Chapter Seven.
Feeding the Sharks.
It was a wonderful change from the stormy, tossing Atlantic, with its bitter winds and chilling cold, to the calm transparency of the brilliantly-blue tropic waters, where everything looked so unclouded and so bright. When we neared one or other of the islands, everything seemed so fresh that we began to forget the perils and troubles of our long, uneventful, but sufficiently troubled voyage. For there were golden or dazzlingly white sands, upon which the calm sea softly rippled, while close down to the water’s edge we could see what Tom called spike plants and sweep’s-brush trees—these being his names for plants of the Yucca family and lovely slender-tufted palms.
When we gazed down into the clear waters from the deck of our comparatively small steamer, we could see fish in plenty, for the brilliant sun seemed to light up the sea beneath the vessel’s keel, while as the screw churned up the water and the steamer rushed on, the scaly occupants of the deep flashed away to right and left, darting out of sight like so many shafts of silver through the sunny depths.
It was a wonderful change from cold and chill to a delicious atmosphere, where the soft sea-breeze fanned our cheeks, though we soon became aware of the fact that the sun possessed power such as we had never experienced before.

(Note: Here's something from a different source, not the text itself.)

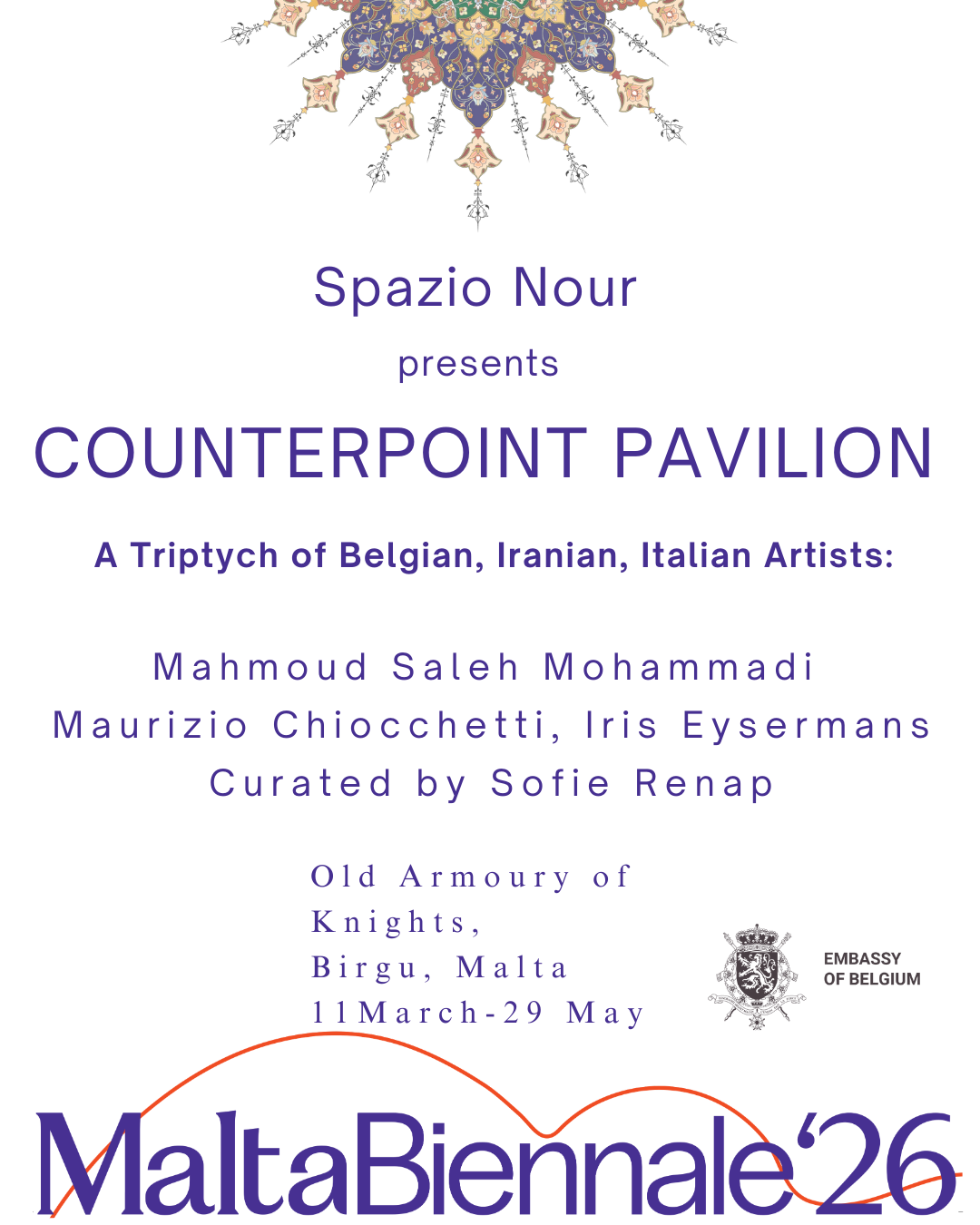 I am really happy and honored to co-create the "Counterpoint Pavilion" on the Malta Biennale, together with artists Mahmoud Saleh Mohammadi and Maurizio Chiocchetti, curated by Sofie Renap and cultural organization Spazio Nour. Welcome to our Pavilion in Birgu, Malta between 12 march and 29 may 2026!

“Why, it’s like as if it came through a burning glass, Mas’r Harry,” said Tom; “and, I say, just you try to touch that copper hood thing that goes over the compass. I did, and it burned my hand just as if it had come out of a hot fire.”
“Well, I don’t want to burn my hands, Tom,” I replied. “I can see how hot it is by the pitch standing up in beads all along the ropes.”
“And it’s making black icicles outside some of the boards, Mas’r Harry, only they’re soft instead of hard. I say, isn’t it jolly?”